Dan Laufer, 35, a North Philadelphia web developer who describes himself as “less religious than Bernie,” agreed.

“If anything, [being Jewish] strengthens his ability to maybe get both sides to a table,” Laufer said. “I’ve been to Israel. I have family there. I absolutely support Israel’s existence, but obviously this is a human-rights catastrophe that has gone on way too long.”

Rabbi Ackerman agreed that the pro-Israel lobbying group AIPAC is a divisive force but said Sanders’ comments still "got my back up, I have to say.”

“The AIPAC piece is a particularly complicated one because probably as many people in the Jewish community agree with him,” he said.

Benjamin Barnett, founder of Philadelphia’s Independent Film Festival, identifies as “a lefty who has never voted for a Republican," but who supported Trump’s decision to move the American Embassy from Tel Aviv to Jerusalem.

Sanders’ views on Israel, and his alliance with Reps. Ilhan Omar and Rashida Tlaib, who have been deeply critical of Israel, have “spooked me as a Jew,” Barnett said.

He doesn’t think Sanders is the person to negotiate a peace deal between Israelis and Palestinians.

“I would hope Bernie would use [his Jewishness] in a way that would show positivity and give him street cred in the Middle East, as a Jew to walk in there, and not a messianic wannabe evangelical like Trump," Barnett said. “I just don’t think that’s going to happen.”

For Orthodox Jews, Sanders remains difficult to embrace.

“I appreciate that he’s proud of his heritage,” said Rabbi Ephraim Epstein of Sons of Israel in Cherry Hill, who is undecided. “But I view my heritage with more adherence to the Torah and its precepts."

“I am deeply appreciative of Mr. Trump’s steadfast support of the state of Israel," he added, "and recognize that every candidate has room to grow in their life.”

Aviv Yavne, manager of Star of David Kosher Grill in Narberth, said that he found Sanders “very cool” but that Israel keeps him a Trump supporter. “I have a lot of friends who are anti-Trump," Yavne said. “I tell them, I am biased.
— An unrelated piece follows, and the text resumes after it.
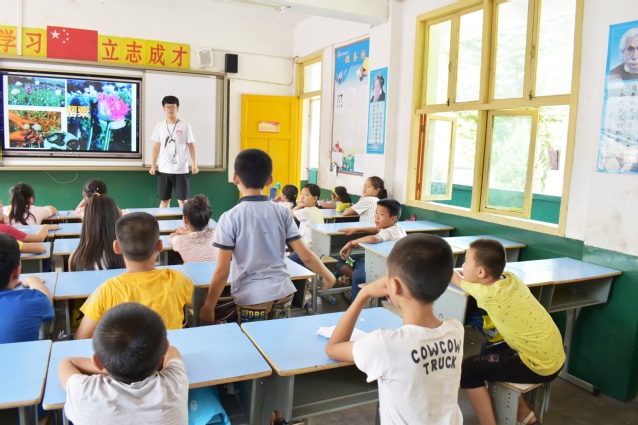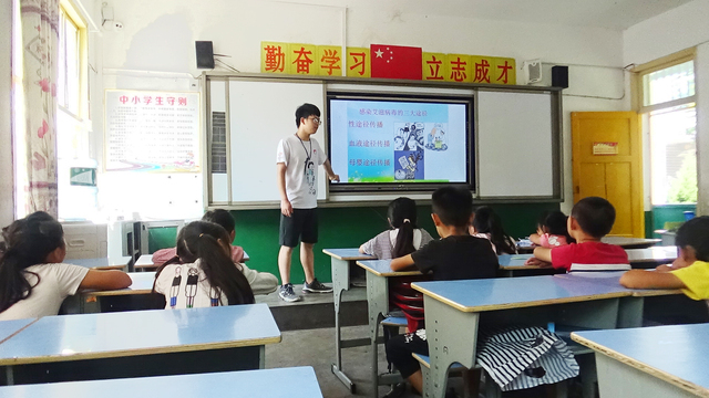 在“禁毒防艾”课程展开之前,支教队员们做足了准备,他们对艾滋病传染及防护方法进行深入了解和学习,并根据所学的知识,精心准备了课件和调查表。8月7日上午,“禁毒防艾”课程正式开始,支教队员采用多媒体课件展示的方式,生动形象地向学生们讲解了艾滋病相关知识以及毒品相关危害,并向学生展示了艾滋病的具体防护措施。在学生了解了禁毒防艾相关知识后,支教队员将禁毒防艾调查表分发,让孩子们填写,以便更好地了解贵州当地关于禁毒防艾行动的进展状况。调查表填写完毕后,支教队员又根据之前了解到的当地水资源情况,向学生们展示了水资源的健康小贴士。至此,“禁毒防艾”课程结束。
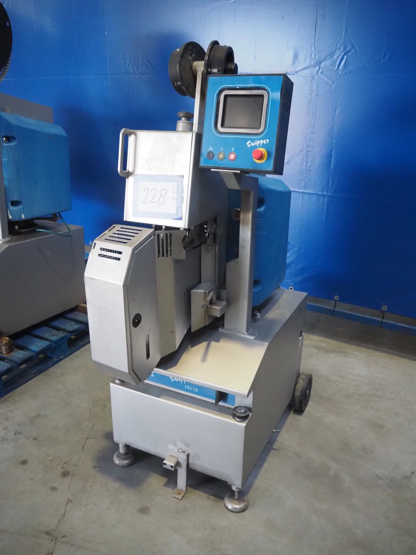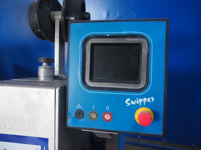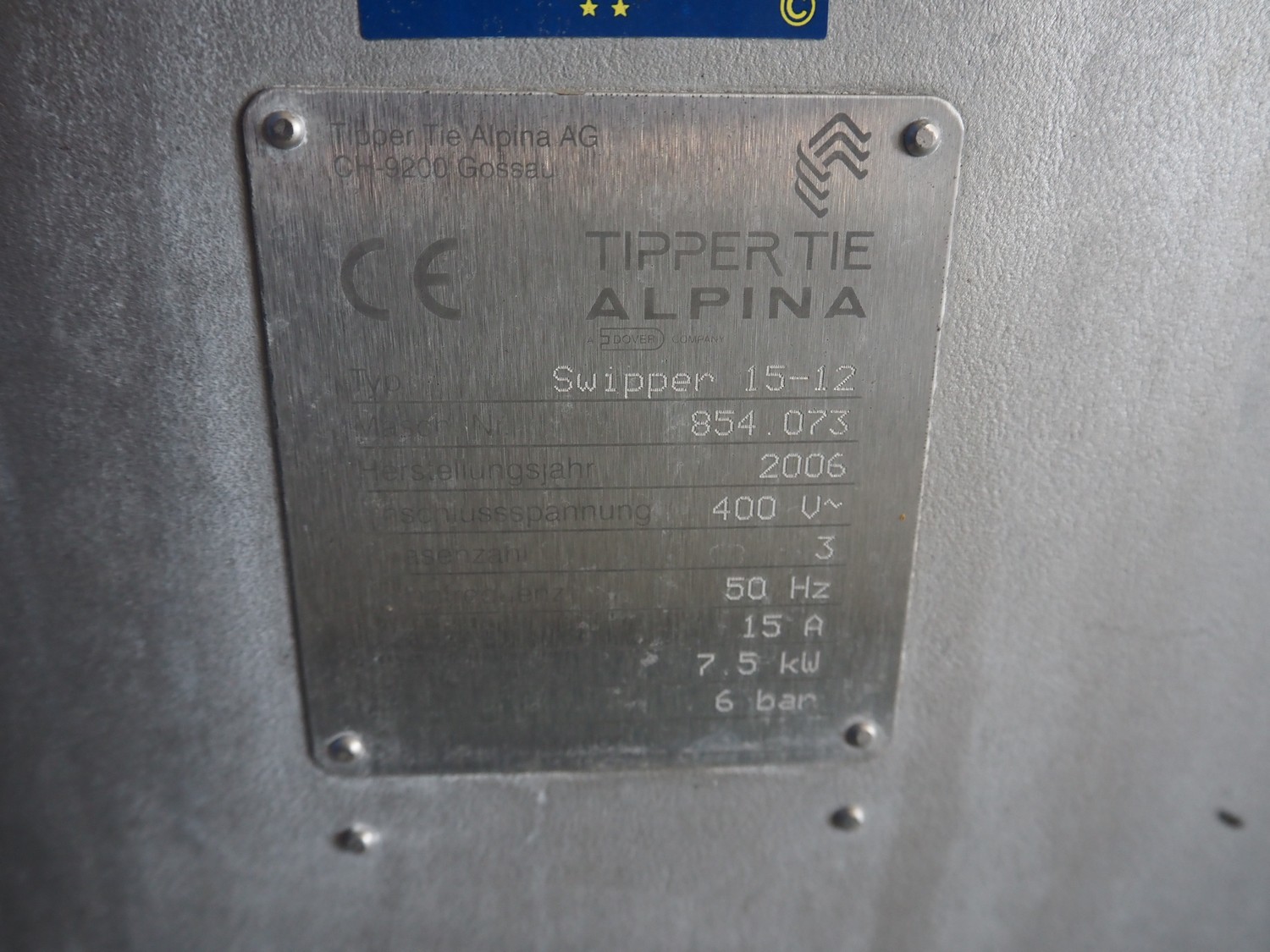 Tipper Tie Alpina automatic double clipper, type: Swipper 15-12, serial number: 854.073, year of construction: 2006, 400 V, 3 Ph, 50 Hz, 15 A, 7.5 kW, 6 bar, dimensions: 980 mm x 750 mm x 1740 mm. Technical condition unknown.

Because of Jerusalem.”

Two Jews walk into a debate

The sight of two old Jews, Sanders and Bloomberg, competing at the highest level of American politics had Jews doing a little head-shaking. (Bloomberg dropped out of the race Wednesday.)

“Maybe that’s the fight we need to have, between the oligarch and the socialist," Windle said.
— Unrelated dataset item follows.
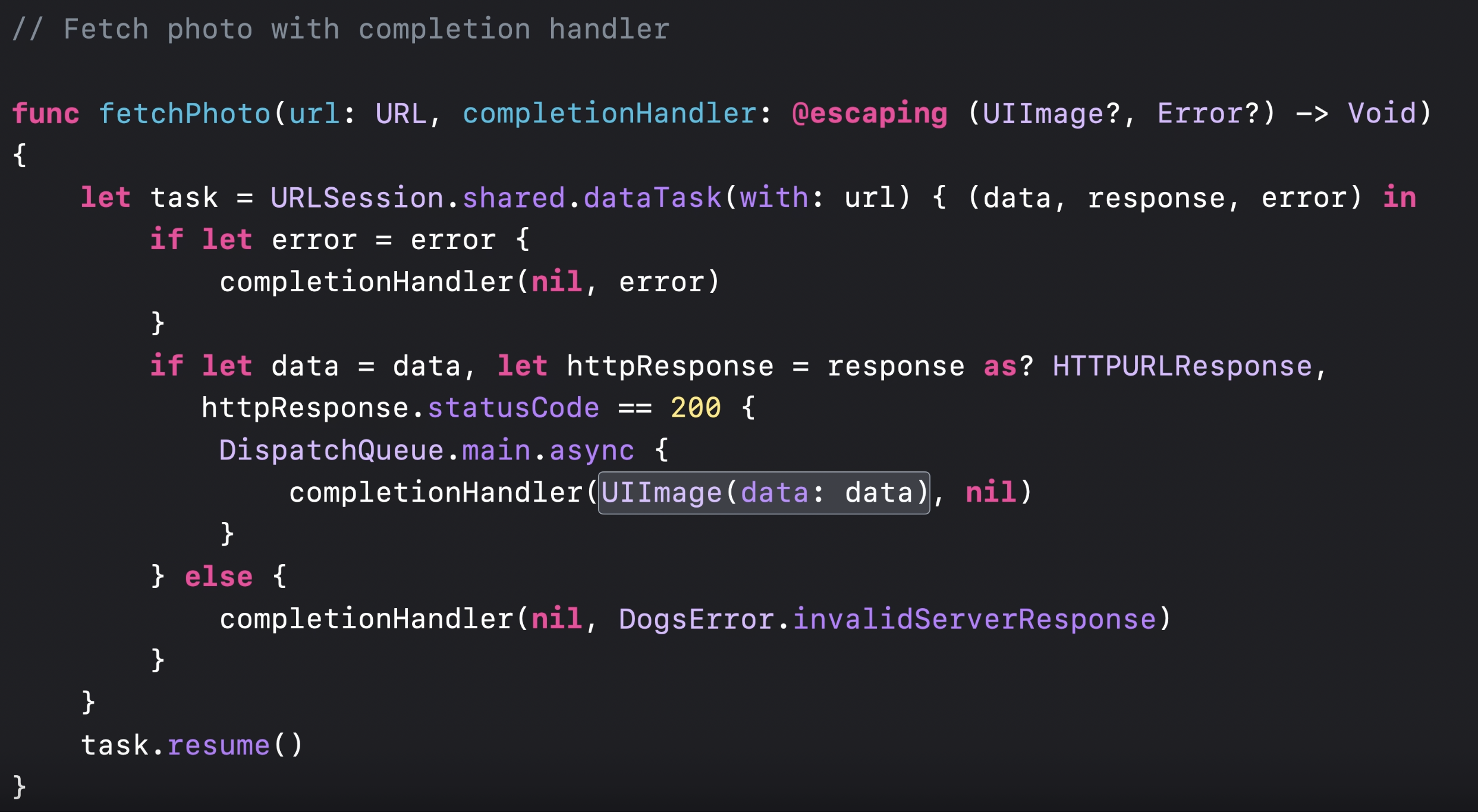 - task가 끝나면 completion handler로 들어와서, response를 확인하고 이미지를 만든다.

As Jon Lovett, a podcaster and former Obama speechwriter, put it after the debate in which Sanders and Bloomberg discussed their heart stents: “It’s the most old New York Jew thing that’s ever happened in the history of American politics. ... The buttoned-up business Jew and the hippie-dippie tikkun olam Jew. ... I feel like I’m watching my childhood on stage.”
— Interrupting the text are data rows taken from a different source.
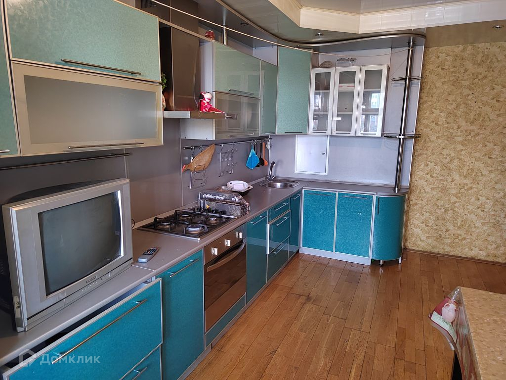 Установлена качественная дверь-сейф, на полу линолеум, встроенная кухня с современной встроенной бытовой техникой.Частично остаётся мебель.
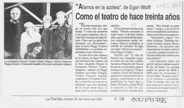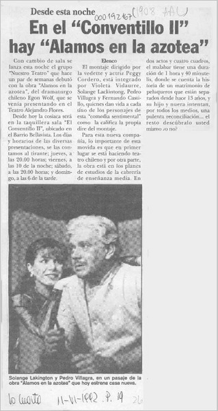Teatro expresión estrena obra "alamos en la azotea". [artículo]
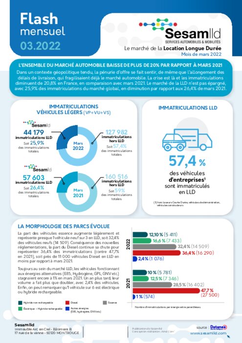 Dans un contexte géopolitique tendu, la pénurie d’offre se fait sentir, de même que l’allongement des délais de livraison, qui fragilisaient déjà le marché automobile. La crise est là et les immatriculations diminuent de 20,8% en France, en comparaison avec mars 2021. Le marché de la LLD n’est pas épargné, avec 25,9% des immatriculations du marché global, en diminution par rapport aux 26,4% de mars 2021.
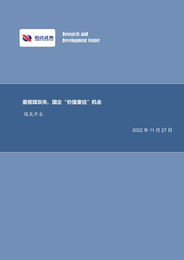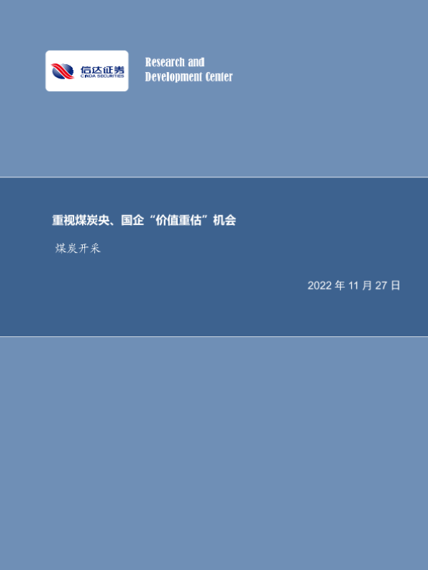 【信达证券】【20221127】煤炭开采行业周报:重视煤炭央、国企“价值重估”机会-27页
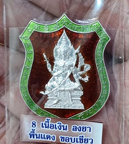 เหรียญท้าวมหาพรหม รุ่นเจ้าสัวพันล้าน(บอย ท่าพระจันทร์) เนื้อเงินลงยาแดงขอบเขียว เลขโค๊ต ๑๕๑๐ พร้อมกล่องเดิม
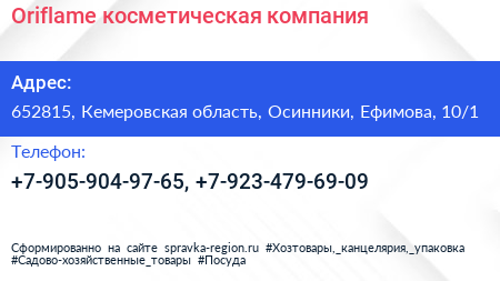 Oriflame, косметическая компания по адресу 652815, Кемеровская область, Осинники, Ефимова, 10/1 в дальнейшем Организация, размещена в следующих категориях:
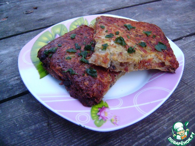 Форму ставим в горячую духовку до зарумянивания нашего... пирога, запеканки, не знаю, как определить. Большого и вкусного драника!!!
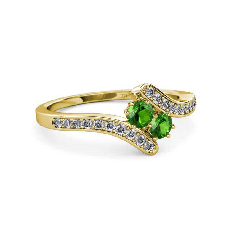 Green Garnet 2 Stone with Side Diamonds Womens Bypass Engagement Ring 0.76 ctw 14K Yellow Gold More Details ...
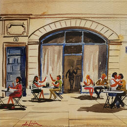 Pintura Café por De León Lévi Marcelo | Pintura Figurativo Urbano Acuarela
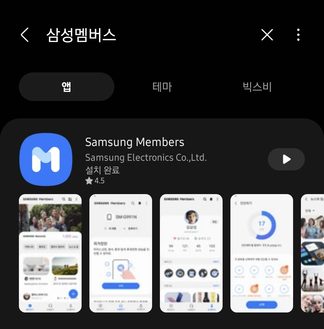 3. 영어로 파란색 아이코으로 된 Samsung Members를 다운로드 합니다.
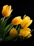 This pic shows a small bunch of yellow tulips with some of the green stems and foliage showing. They are leaning towards the right against a plain black background.
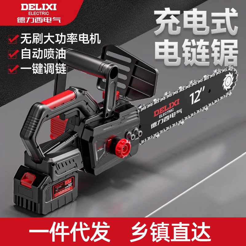 Delixi gergaji listrik genggam kecil rumah tangga, gergaji listrik baterai lithium daya tinggi memotong pohon gergaji rantai dapat diisi ulang

Others find it harder to relate.

“He’s not religious at all," Rabbi Gaber said. “When was the last time he was at a Rosh Hashanah or Yom Kippur service himself? He’s never really been active in the Jewish community.”

Film festival founder Barnett said his pride over a historic first would be muted. “I just don’t feel Bernie Sanders made any effort in his life to be a Jewish politician,” Barnett said. “There’s nothing in my body that says he’s going to be good for the Jews.”

Rabbi Ackerman, though, said he would feel pride if Sanders became the first Jewish president. Like many pondering Sanders, he’s taking his cues from his millennial children, who, he said, “definitely feel a sense of pride."

Others worry about anti-Semitism. Bloomberg, in particular, evoked a particular archetype, the financier buying his way into power..

“It’s eerily similar to the Golden Age of Spain,” Rabbi Epstein said. “The [Jewish] finance minister in the court of Ferdinand and Isabella didn’t fare well.”

But Laufer, the Jewish millennial supporter, said Sanders doesn’t get enough credit for representing a historic breakthrough, and for defying global divisions with prominent Muslim Americans among his most ardent supporters.

“Bernie would be a groundbreaking president," Laufer said. "You need that because of rising anti-Semitism and Islamophobia. Having a non-Christian president would start shifting things in people’s minds.”